** Not to be cited without permission of author **
Introduction If the commanding heights of the Indian state display significant capacity, quite the opposite seems to be true of the everyday state. Many state institutions at the centre enjoy usable autonomy from particularistic interests and are capable of highly institutionalized action, but that capacity deteriorates the more the state directly engages with society. The deterioration is so pronounced that the local state (the municipality and the village panchayat) have almost no developmental capacity. This has earned the Indian state the evocative label of a “flailing” state, that is one in which the head (national and some State institutions) is highly competent and knows what it is doing, but “that this head is no longer reliably connected via nerves and sinews to its own limbs” (Prichett 2009:4).

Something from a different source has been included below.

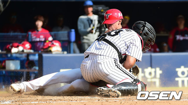 9일 오후 서울 잠실야구장에서 '2014 한국야쿠르트 세븐 프로야구' LG 트윈스와 KIA 타이거즈의 경기가 열렸다. 2회초 1사 2,3루 LG 최경철이 KIA 이범호의 유격수 앞 땅볼때 홈으로 쇄도하는 3루주자 강한울을 아웃시키고 있다. LG 트윈스는 우완 선발투수 코리 리오단을 선발투수로 내세웠다. 리오단은 올 시즌 26경기 161⅔이닝을 소화하며 9승 10패 평균자책점 3.67을 기록 중이다. KIA를 상대로 특히 강했는데, KIA와 5번 맞붙어 30⅓이닝을 던지면서 3승 1패 평균자책점 3.56을 올렸다. 한국무대 첫 승도 KIA전이다. 리오단은 지난 4월 27일 잠실 KIA전에서 8이닝 1실점으로 맹활약을 펼친 바 있다. KIA는 좌완 선발투수 저스틴 토마스를 선발 등판시킨다. 후반기 KIA에 합류한 토마스는 8경기서 36이닝을 던지며 1승 2패 평균자책점 4.00을 올렸다. 지난 8월 22일 LG전에선 6이닝 2실점으로 비록 승리투수가 되지는 못했지만 자기 몫을 다했다. KIA가 토마스의 호투에 힘입어 4연패서 탈출할 수 있을지 주목된다. 한편 양 팀은 올 시즌 상대전적 9승 6패로 LG가 KIA에 우위를 점하고 있다. / youngrae@osen.co.kr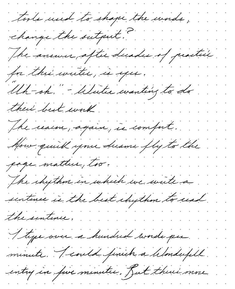 Comfort is the most important consideration. But does the means of expression, the tools used to shape the words, change the output?

Developing a more disaggregated understanding of the valence of state capacity in India calls for a more scalar and more relational approach than the conventional focus on the central state. First, we need a more explicit conceptualization of why there appears to be an inverse relationship between scale and capacity, with state powers eroding as the state moves downwards. Much of this variance can be explained in terms of fundamental problems of securing downward accountability through the extremely long of chain of command that characterizes the Indian state. Most observers attribute this problem to organizational deficits, drawing on the Weberian thrust of the developmental state literature that highlights the historically derived quality and penetration of central administration (and invariably draws the contrast with China). I however want to argue that this chain of command problem is less an organizational problem than a political problem. It has less to do with how hierarchy has been organized than with how political authority has been constructed. The problem lies more in the chain of sovereignty than in the chain of command. I argue that the comparatively top-down and politically instrumentalized manner in which state authority has been constructed has favored transactional logics of authority over more normatively grounded forms of state legitimacy. Moving beyond the state-in-society perspective however, I argue that this failure of legitimacy has less to do with a “strong” society prevailing over a “weak” state, and more to do with variation across India in the way in which state power has been politically constructed. I focus in particular on preliminary findings from a research project on urban governance in India.